According to the US Department of Veterans Affairs, returning veterans have a 21% higher risk of suicide compared to civilians. This increased risk of suicide and self-harm are due to a variety of factors, some of which include Post Traumatic Stress Disorder (PTSD), Traumatic Brain Injury (TBI), and other combat related stressors.

If you, or a loved one, are returning to civilian life after time spent serving in the military, focusing on positive mental health habits is an imperative part of your health care plan. Here are just a few habits to consider as you begin your life back home.

See a Mental Health Professional
Whether you saw combat, or not, it is important to set up a consistent schedule of appointments with a mental health professional that you trust. Speak with your Veterans Affairs caseworker to find a psychologist, counselor, or psychiatrist near you. It is okay to “shop around” a bit to find a professional that you feel comfortable with and trust. Talking with a mental health professional can decrease feelings of social isolation or depression.  They can also walk you through healthy coping skills and decision making.

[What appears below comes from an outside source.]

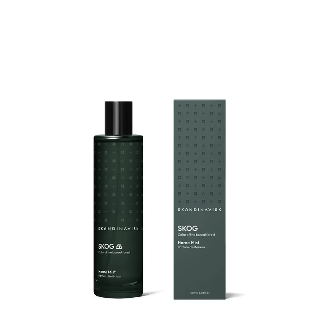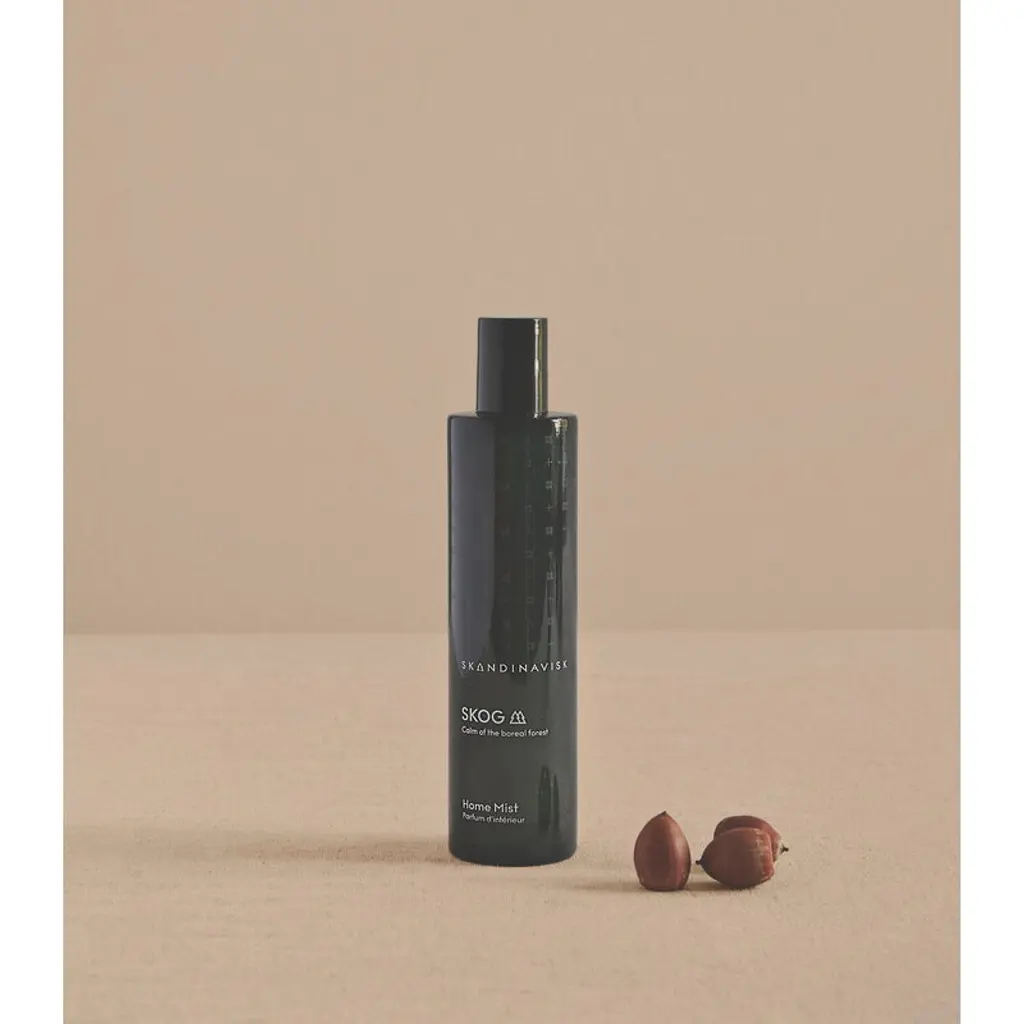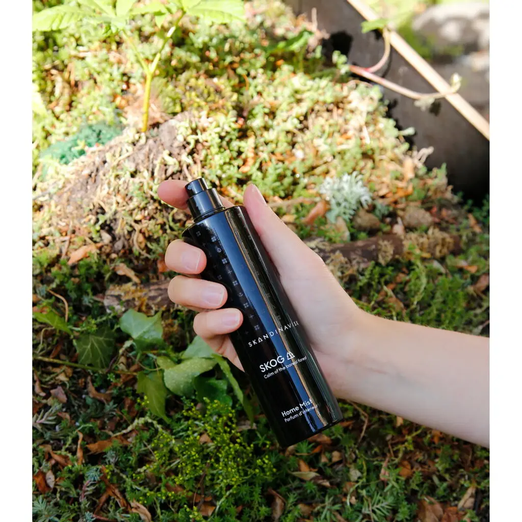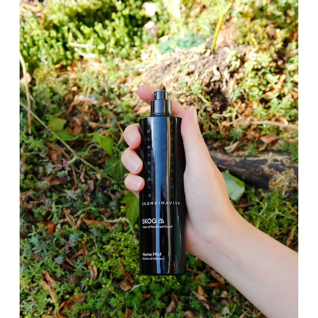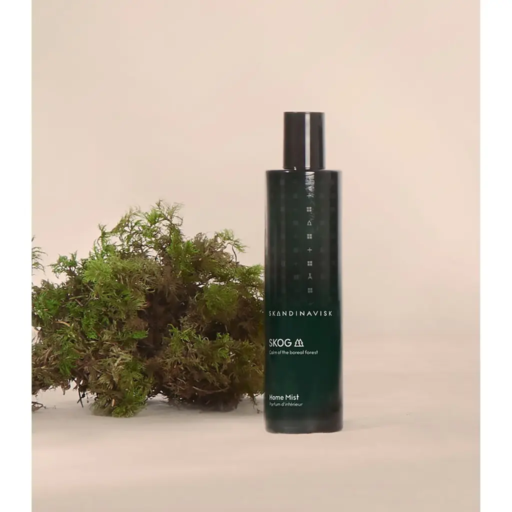 Skandinavisk's Skog home mist features notes of pine, fir, birch sap and woodland lily of the valley. Named after the Swedish and Norwegian words for "forest", Skog depicts the magical scents lingering in the Scandinavian wilderness. Packed in a beautiful glass spray bottle, this home mist disperses a delightful scent into your space with just a couple of spritzes. You can use the room fragrance spray worry-free in all indoor areas since it won't leave any stains on textiles or other surfaces.

Don’t Turn to Alcohol or Drugs
Substance abuse is common among returning veterans, as alcohol and drugs make it easier to escape (albeit temporary) from unpleasant thoughts and feelings or symptoms of PTSD. It can be difficult, but try and resist the urge to turn to alcohol or drugs. Instead try to find escape in healthier habits such as exercise.

Find a Physical Outlet
Speaking of exercise, physical activity can be a great way to cope with mental health stressors brought on by combat or by returning to civilian life. Find something that you enjoy doing, and find a group of people that you enjoy doing it with. Some veterans find it therapeutic to work out with other veterans in team environments such as CrossFit or Spartan racing, they share teamwork parallels that are a value in the military.

Ask for Help
Asking for help may be the most difficult habit but it is also the most important. Unfortunately, there is a stigma associated with asking for help when it comes to mental health issues. Some people might consider searching for a support group or counselor as a sign of weakness.  However, it takes a very strong person to admit when they need help.

You have sacrificed your life for this country and its citizens – get the help you have earned and deserve. Take advantage of all of the resources at your disposal. Veterans support groups, counseling, prescription medication, and wellness coaches are just a few ways that you can start to feel better.